H Zhou and K Lange. (2010) On the bumpy road to the dominant mode, Scandinavian Journal of Statistics, 37:612-631. [pdf]
We propose several variants of deterministic annealing for finding the dominant mode in maximum likelihood estimation with some classical statistical problems.

H Zhou and K Lange. (2010) MM algorithms for some discrete multivariate distributions, Journal of Computational and Graphical Statistics, 19(3):656-665. [pdf]
We designed MM algorithms (a generalization of the EM algorithm) for maximum likelihood estimation of some multivariate distributions frequently occurring in applications.
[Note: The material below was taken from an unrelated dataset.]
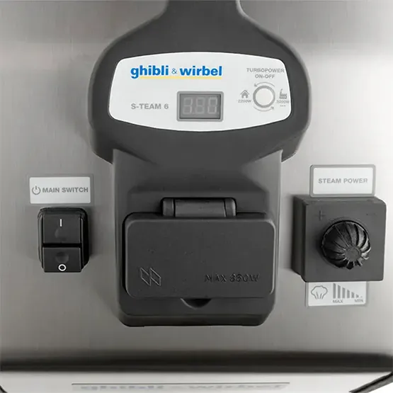 Máy làm sạch hơi nước Ghibli S-team 6. Giải pháp làm sạch hiện đại, kết hợp công nghệ hơi nước khô ở nhiệt độ cao (165°C) và áp suất 6 bar, mang lại hiệu quả vượt trội mà không cần sử dụng hóa chất

Specific examples include Dirichlet-Multinomial, generalized Dirichlet-Multinomial, negative multinomial, a distribution due to Neerchal and Morel, the Ewens and Pitman sampling distributions, and the zero-truncated and zero-inflated version of these distributions.

M Sehl, J Sinsheimer, H Zhou, and K Lange. (2009) Differential destruction of stem cells: implications for targeted cancer stem cell therapy, Cancer Research, 69(24):9481-9489. [pdf]
Clinical implications of the cancer extinction model are summarized in this paper.
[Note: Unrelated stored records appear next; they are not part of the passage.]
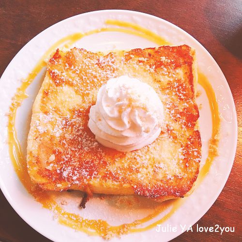 鬆軟的吐司沾滿了蛋液,入口有即化的感覺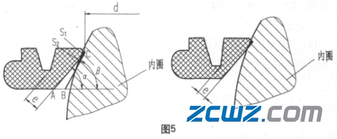主要是采用减少密封圈唇部与内圈球面的过盈量来处理,即加大密封圈内径d(见图5),使密封圈唇部与球面接触量减少。其次是减少密封圈的腰部尺寸e,让密封圈唇部更有弹性,减少密封圈与内圈球面的接触压力。另外在密封圈设计时,张开角α不宜太大,从图5可以看到,张开角从α到β逐渐加大,直线距离就从A点到B点,直线BC与内圈接触面积为S1+S2比直线AC与内圈接触面积S1整整大了S2的接触面积。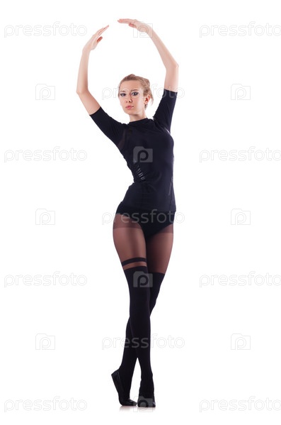 Женщина танцует, изолированная на белом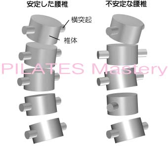 中央の図 左は、分節筋がしっかりと働いている腰椎で、ぐらぐらしません。理想的な状態です。 一方、右は分節筋(インナーマッスル)の働きが鈍く、腰椎がぐらぐらしている状態です。 間接や靭帯、椎間板などを痛めやすく、腰椎の原因となりえます。 →
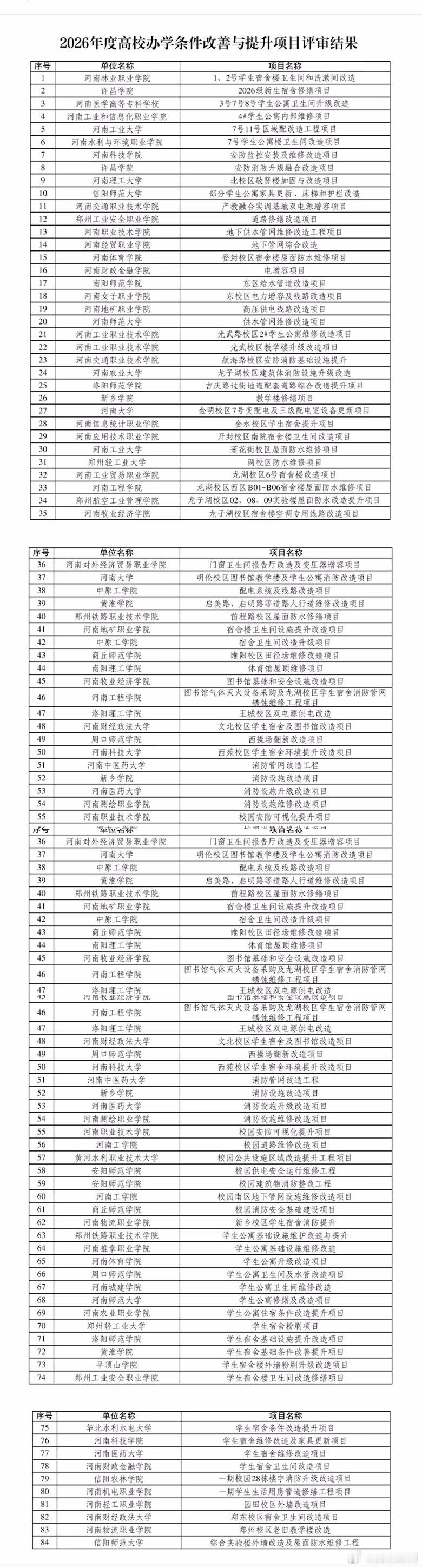 河南有84个高校项目改造获批 近日,河南省教育厅发布《关于2026年度高校办学条件改善与提升项目评审结果的公示》,经学校自主申报,省教育厅组织专家进行评审,评选出84个项目拟纳入支持范围,现将评审结果予以公示。根据《2026年度高校办学条件改善与提升项目评审结果》在84个拟纳入支持的项目中,超30个项目都与学生宿舍条件改造升级相关。中方录音一出日本有人看不下去了

H Zhou and K Lange. (2009) Rating movies and rating the raters who rate them, The American Statistician, 63(4):297–307. [pdf]
If you ever heard of Netflix grand prize, you might be interested in reading this short report. Instead of the prediction problem challenged by Netflix, we focus more on the modeling. Our simple model is able to identify quirky raters, supply a ranking of movies, and should be able to predict unseen ratings. We only fit the model to the MovieLens data set. Interested readers should try this on the (much larger) Netflix data set.

H Zhou and K Lange. (2009) Composition Markov chains of multinomial type, Advances in Applied Probability, 41(1):270-291. [pdf]
We describe a class of Markov chains that take a system of multivariate Krawtchouk polynomials constructed by Robert Griffiths as eigenfunctions.

K Khare and H Zhou. (2009) Rates of convergence of some multivariate Markov chains with polynomial eigenfunctions, Annals of Applied Probability, 19(2):737-777. [pdf]
We obtaine the convergence rates of the multivariate versions of several classical Markov chains using spectral method. Specific examples include the multivariate Moran process in population genetics and its variants in community ecology, Dirichlet-Multinomial Gibbs sampler, generalizations of Ehrenfest chains, multivariate normal autoregressive processes, and so on.

H Zhou and K Dorman. (2005) A branching process model of drug resistant HIV, book chapter in Deterministic and stochastic models of AIDS epidemics and HIV infections with intervention, 457-496, World Sci. Publ., Hackensack, NJ.
We apply the numerical methods for continuous-time multi-type branching processes with immigration to study the development of drug-resistant HIV in vivo.